From the BIO Submission to Australian Senate Legal Committee on Patent Amendment:

This amendment would exclude from patent protection “any” biological material, whether a human gene or otherwise, that is substantially identical to a naturally-occuring biological material.  Specifically, the amendment states that the following materials would be catergorically declared unpatentable:

            “biological materials including their components and derivatives, whether isolated or purified or not and however made, which are identical or substantially identical to such materials as they exist in nature.”

“Biological materials” broadly “include,” but apparently not limited to, such fundamental biotechnology building blocks as “DNA, RNA, proteins, cells and fluids.”

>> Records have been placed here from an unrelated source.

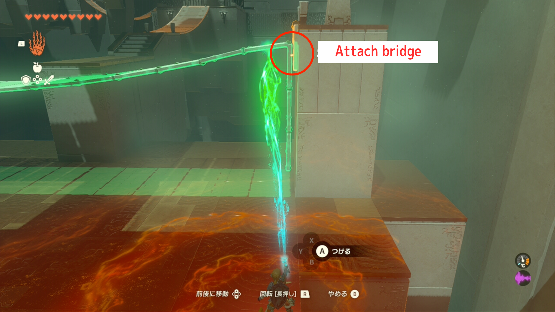 - Grab the edge of the bridge that has fallen with Ultrahand, and attach it to the other side of the bridge. Afterwards cross the bridge.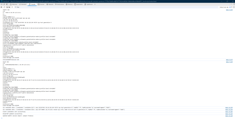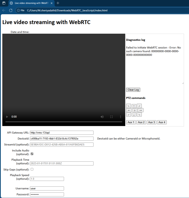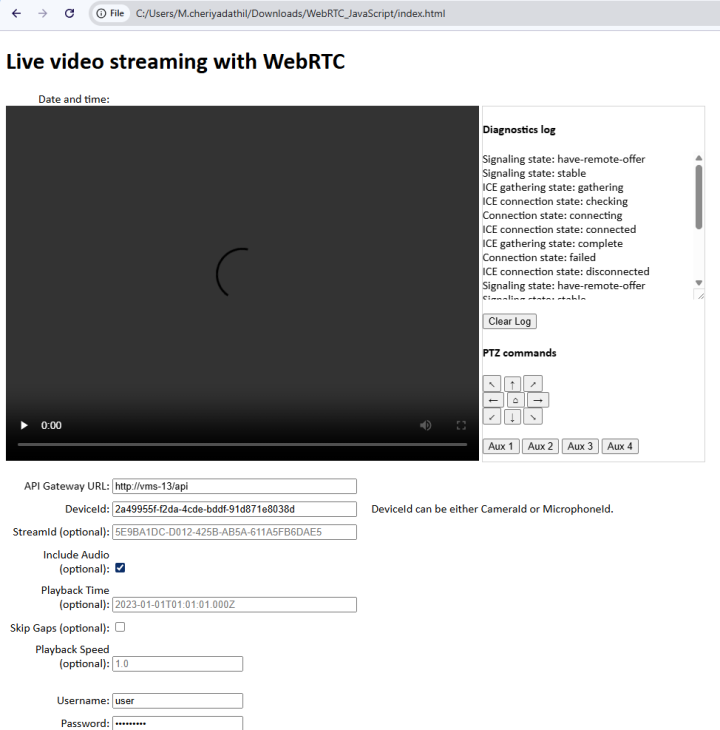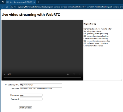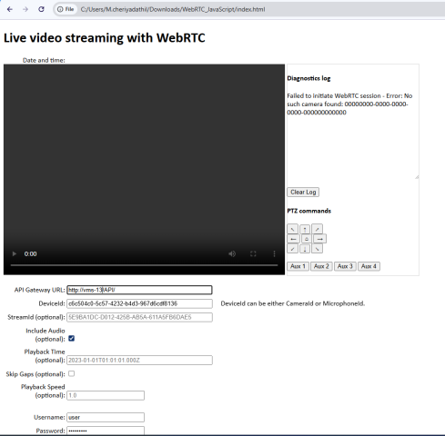 I am trying to use the WebRTC JavaScript Client demo to connect to camera stream through the Milestone API Gateway.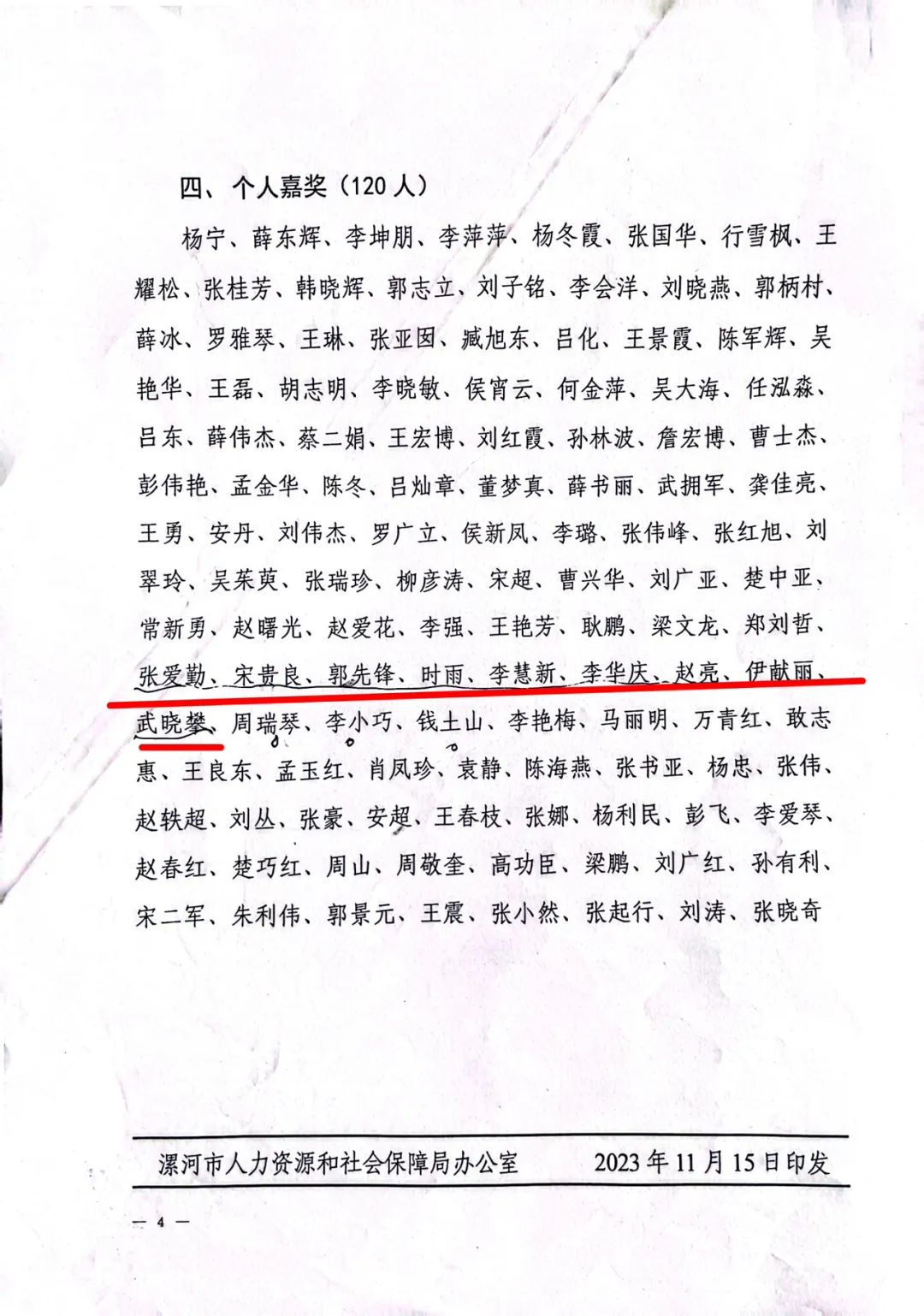 11月15日,漯河市人力資源和社會保障局對疫情防控新階段工作中表現(xiàn)突出的集體和個人進行表彰,市二院榮獲集體嘉獎獎勵。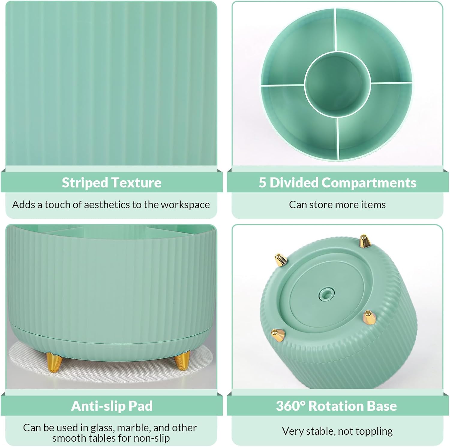 SKYDUE 360 Degree Rotating Desk Organizer, Dual-Purpose Pencil Pen Holder for Desktop, Rotating Desk Pen Organizer with 5 Slots, Pencil Cup for School, Home, Office Supplies (Bean Green)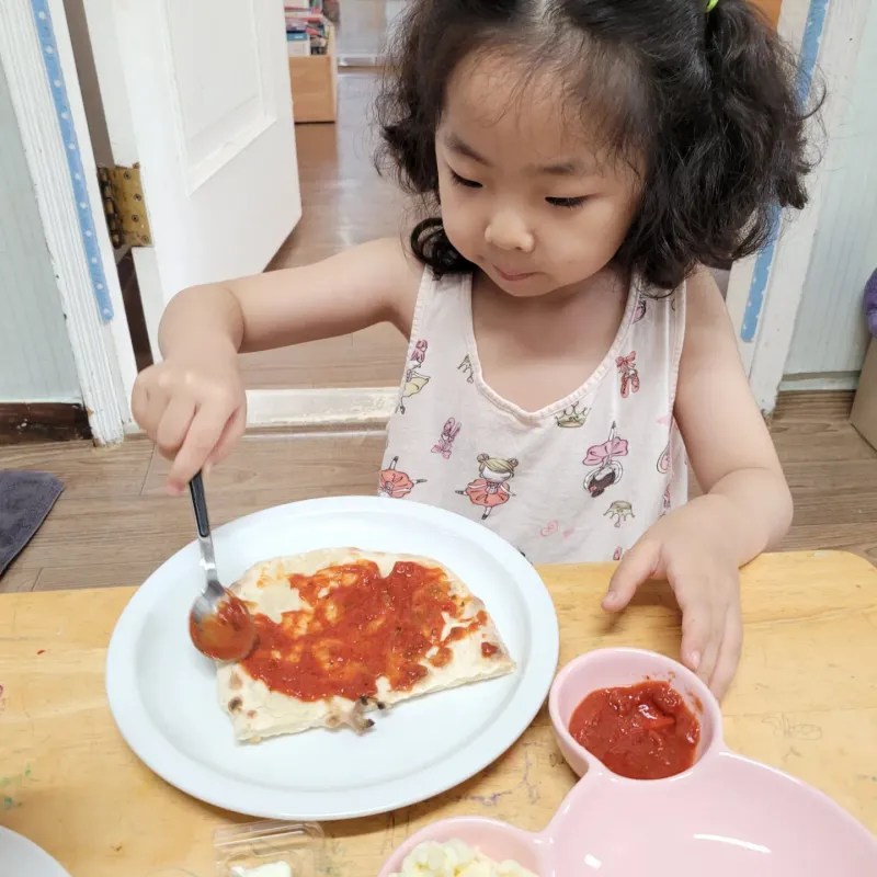 아이들이 가장 쉽게 도전할 수 있는 초간단 토마토소스 피자. 하지만 치즈순이들이라 잘 먹어서 엄마 맘이 흐뭇해지네요. 우리 꼬맹이들 뭐든 가림없이 잘 먹고 건강히 커주기만을 바란답니다. 행복하고 즐겁게 자라주기를.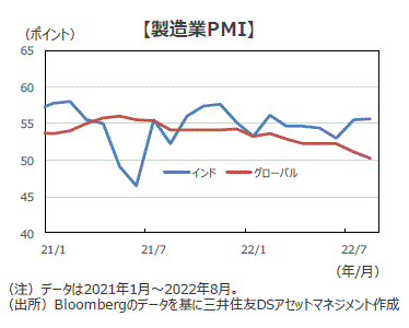 ■インドの8月の製造業購買担当者景気指数(PMI)は55.6と底堅く推移しているのに対し、グローバルPMIは緩やかながら低下基調にあります。こうした景況感の差も株価のパフォーマンスにつながっているとみられます。
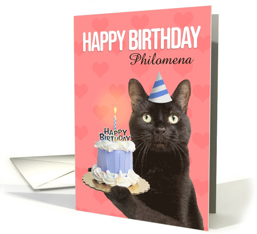 | Title: | Happy Birthday Custom Name Cute Cat in Party Hat With Cake Humor |
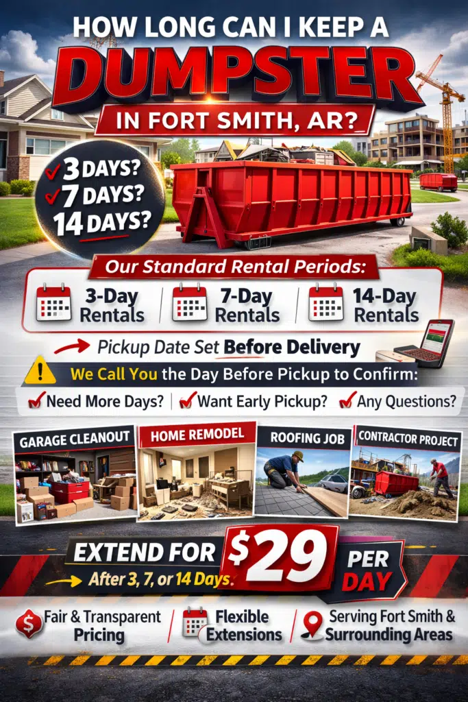 The most common confusion we see is customers assuming the dumpster can sit indefinitely without confirming a pickup schedule.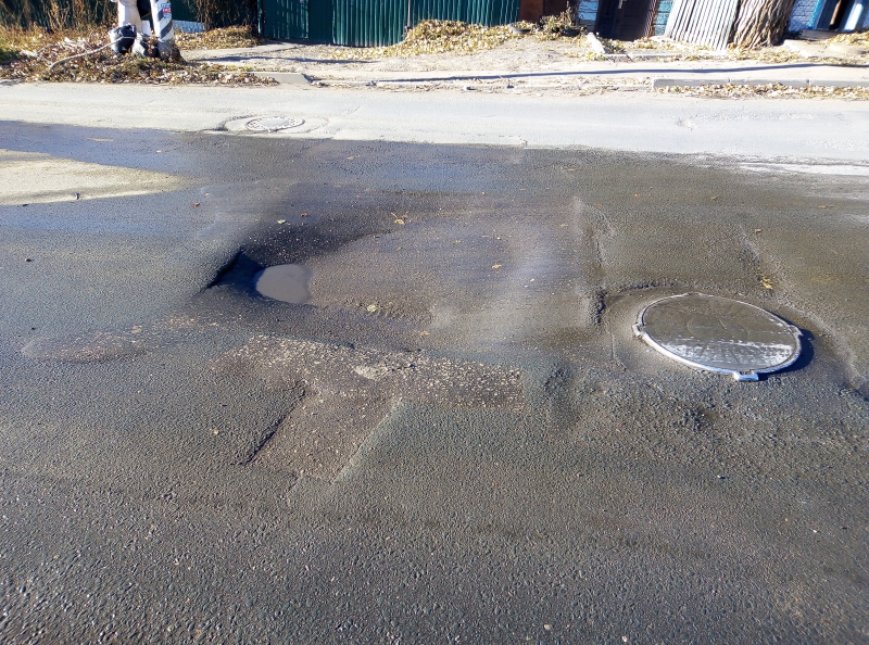 На улице Вознесенской провалился асфальт по центру проезжей части, рядом с пересечением с улицей Веселой.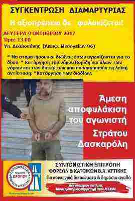 Η συνάντηση των επιτροπών αγώνα Κηφισίας, Διονύσου και Ωρωπού καθώς και συλλογικοτήτων από την περιοχή της Αθήνας και του Πειραιά, καταγγέλλει την άδικη  φυλάκιση του αγωνιστή Στράτου Δασκαρόλη.
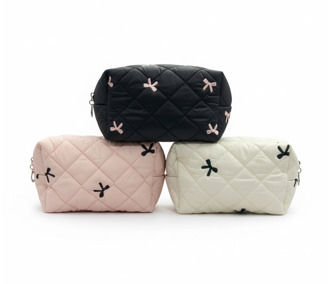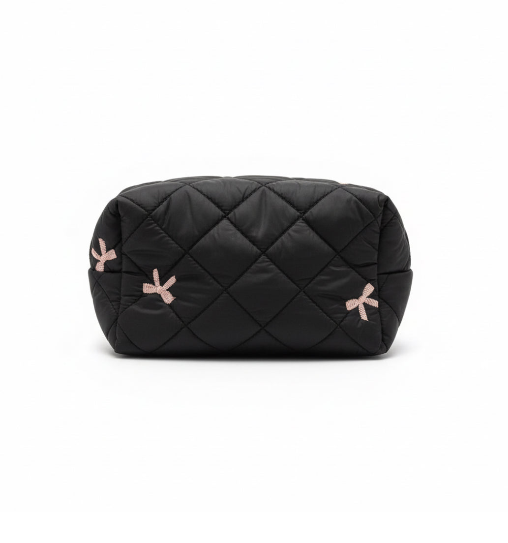 Neceser suave y acolchado con diseño de rombos y lazos bordados. Disponible en negro, rosa y crema. Amplio y ligero, perfecto para organizar tus esenciales con un toque chic.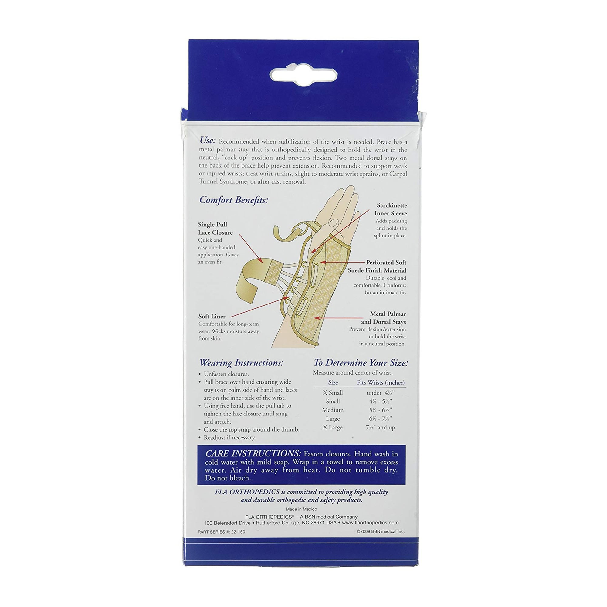 Brace has a metal palmar stay that is orthopedically designed to hold the wrist in the neutral, "cock-up" position and prevents flexion.

As almost any biological material can be said to be “substantially identical” to some other natural biological material, this change would have the effect of banning large swaths of previously patentable innovative biological discoveries – thus, removing the protection needed to incentivize investment in biotechnology-related innovation in drugs and biological therapies, preventative treatments such as vaccines, animal healthcare products, renewable energy production and other “green” technologies, environmental mitigation and remediation, biodiversity, farming, food, nutrition, household cleaners, and industrial fermentation for food and fuel production.
BIO and its members believe that excluding biological inventions from patent protection is inconsistent with the demonstrated evidence of social benefit from isolating and purifying active compounds from previously ineffective mixtures occurring in nature. For example, the invention of isolated polymerase from certain thermophilic bacteria has provided valuable methods for amplifying DNA that enables forensic DNA analysis to establish guilt or innocence of crimes, the development of life-saving medical diagnostics, and molecular breeding for improved plants. If the amendment had been law, it would have prevented the patenting – and thus development – of significant advances in human health, like purified insulin, adrenaline, and antibiotics; vitamin D and B-12 compositions; human growth hormone; erythropoietin, and numerous vaccines and anti-cancer treatments on the market today.

Accordingly, BIO believes that this amendment, if adopted, would fail to affect its intended purpose of advancing medical and scientific research and the diagnosis and cure of human illness and disease. Indeed, it would slow such progress immeasurably. The public demands continuing the patent incentive for such biologic innovation.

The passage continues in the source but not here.